The steely detective keeps people at a distance, gives little away and is completely focused on her work, munching an enormous burger while she looks at evidence photos of dead bodies on her laptop.
“I love how you don’t really get to know who she is or what makes her tick, and yet you want to know,” says Anderson.
The Chicago-born actress admits she is keen on Prime Suspect, the award-winning crime drama that starred Dame Helen Mirren as the hard-as-nails DCI Jane Tennison.
“I was always a fan of Prime Suspect and had read other attempts at recreating that and always found them lacking. And there is something about this that felt like it had the depth and complexity, and yet simplicity, of that series.
“The thing I found really fascinating about Tennison, she was quite self-centred and certainly had ego.”
The Fall was shot on location in Belfast, but Anderson admits she didn’t see much of the city and didn’t socialise much with the rest of the cast.
“I am a bit of hermit anyway,” she says. “But I become more of a hermit when I’m working and even if I have a few days off I generally just stay in my hotel room.
“I don’t know if that’s necessarily keeping in character, it’s more keeping my mind on it.
“I’ve worked with actors who keep in character all the time and I don’t do that,” she adds with a telling sigh.
Anderson has been divorced twice and has a teenage daughter from her first marriage and two young sons, aged six and five, from her second.
She spent her early childhood in London while her father, a film producer, attended the London Film School.
Around the time The X-Files ended in 2002 she moved back to Britain, where she has chosen to live and bring up her family. She has continued to act over here, appearing in British television shows including Great Expectations, The Crimson Petal And The White and Bleak House, and has been nominated for several TV Baftas.
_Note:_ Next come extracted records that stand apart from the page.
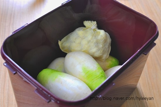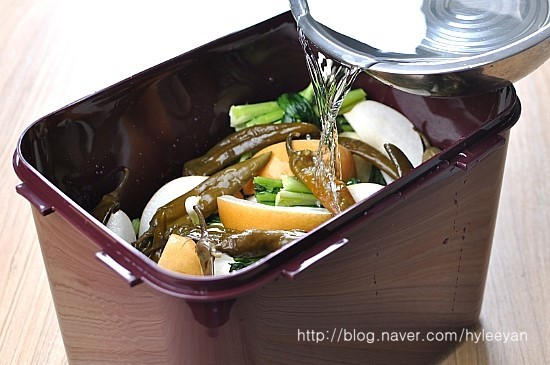 이렇게 만든 동치미는 실온에 5일 정도 두었다가 냉장보관해요.
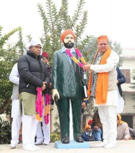 साथ ही उन्होंने गुरुनानक अकादमी परिसर में आर्टिफिशियल इंटेलिजेंस लैब का शुभारंभ एवं छात्रों को सम्मानित भी किया। मुख्यमंत्री धामी ने शहीद उधम सिंह को नमन करते हुए कहा कि शहीद उधम सिंह महान क्रांतिकारी थे, जिन्होंने जलियांवाला बाग हत्याकांड के दोषी जनरल डायर को इंग्लैंड में जाकर सभा के सामने मौत के घाट उतारा। यह हमारा सौभाग्य है कि हमारे जनपद का नाम शहीद उधम सिंह जी के नाम पर पड़ा। उन्होंने कहा कि प्रधानमंत्री श्री नरेंद्र मोदी जी ने गुरु गोविंद सिंह जी साहब के चारों शहजादों की शहादत को वीर बाल दिवस के रूप में मनाने की घोषणा कर उन्हें सच्ची श्रद्धांजलि अर्पित की है।
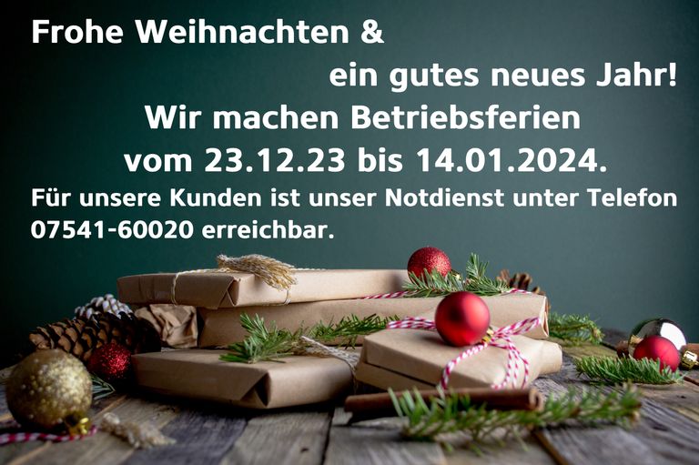 Wir machen Betriebsferien uns sind ab 15. Januar 2024 wieder für Sie da!Für unsere Kunden bieten wir einen Notdienst unter Telefon 07541-60020.

But back in the US it has been hard to shake off the ghost of Scully. “Whenever I do go back, there might be some who know I do other things, but the fact is, how much of this stuff airs for the masses?
“I get people going, ‘So what have you been up to?’ I’m not really on the big screen over there and a lot of the small screen things they might not have seen.”
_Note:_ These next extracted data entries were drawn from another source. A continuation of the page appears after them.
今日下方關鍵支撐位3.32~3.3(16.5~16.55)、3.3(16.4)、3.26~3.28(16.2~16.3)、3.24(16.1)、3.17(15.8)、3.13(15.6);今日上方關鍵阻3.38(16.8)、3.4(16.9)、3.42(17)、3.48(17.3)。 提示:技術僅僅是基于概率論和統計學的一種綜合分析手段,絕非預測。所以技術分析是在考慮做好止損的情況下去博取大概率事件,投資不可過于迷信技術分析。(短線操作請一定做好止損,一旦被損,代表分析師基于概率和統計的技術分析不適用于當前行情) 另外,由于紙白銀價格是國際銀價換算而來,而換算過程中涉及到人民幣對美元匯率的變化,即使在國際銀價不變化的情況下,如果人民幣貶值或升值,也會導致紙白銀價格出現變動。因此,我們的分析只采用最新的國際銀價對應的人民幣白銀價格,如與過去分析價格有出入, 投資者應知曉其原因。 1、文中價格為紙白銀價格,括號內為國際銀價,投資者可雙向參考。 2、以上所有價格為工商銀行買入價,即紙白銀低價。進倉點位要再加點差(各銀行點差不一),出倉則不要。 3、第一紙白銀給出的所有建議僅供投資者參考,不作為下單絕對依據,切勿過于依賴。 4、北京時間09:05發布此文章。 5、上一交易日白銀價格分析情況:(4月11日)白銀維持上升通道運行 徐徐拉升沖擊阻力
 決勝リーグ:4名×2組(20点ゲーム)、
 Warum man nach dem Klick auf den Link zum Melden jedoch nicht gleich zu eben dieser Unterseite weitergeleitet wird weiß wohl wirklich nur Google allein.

Anderson is appearing in new US crime drama Hannibal which stars Mads Mikkelsen as Dr Hannibal Lecter. “They’re selling it as my return to television after ten years away!” she exclaims.
But with a young family in the UK, Anderson has to both support them and be there for them. “Schedule is everything,” she declares.
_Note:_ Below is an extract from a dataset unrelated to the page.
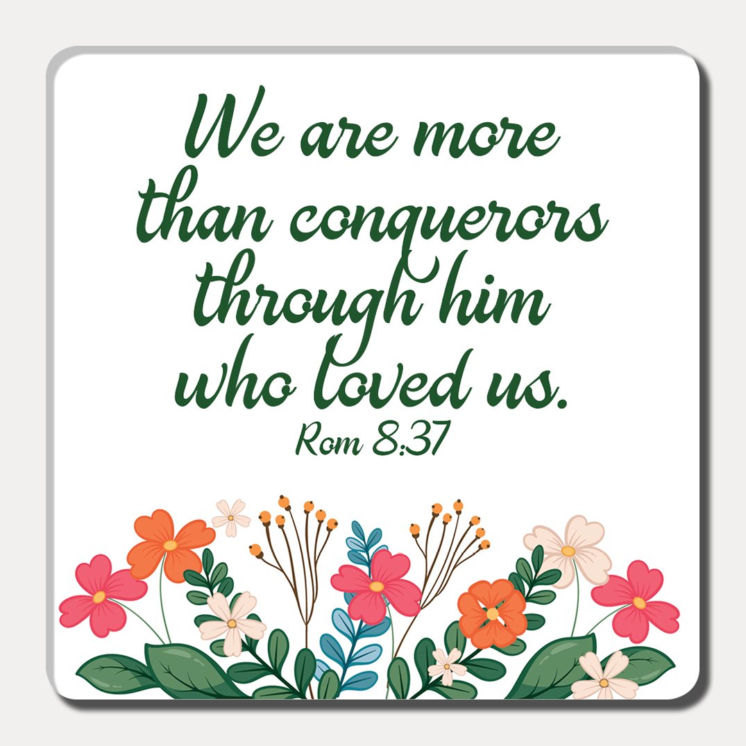 - Bible verse or wording on magnet: We are more than conquerors through him who loved us.

“I’m very picky about dates and the kids are the most important thing. If it’s something I want to do but it takes too much time away, then I’ll decide not to.”
She also admits she’s extremely choosy about the type of scripts she’ll accept. “My daughter always says, ‘God mum!’ Game Of Thrones, Downton Abbey or whatever it is. She cannot believe I’ve turned things down that she loves to watch.
“But if I’m going to spend that amount of time then I’d prefer to be working with Scorsese, do you know what I mean?”
Anderson has always been wise with her selections, and it would be no surprise if Stella Gibbons becomes an iconic detective – like Jane Tennison and Dana Scully.
She hopes the show will be recommissioned, noting: “We’ve been told it looks good.”
Does she want to play Stella again? “Yes definitely,” she breathes nervously, and quickly changes the subject, wary of jinxing the role she has already taken to her heart.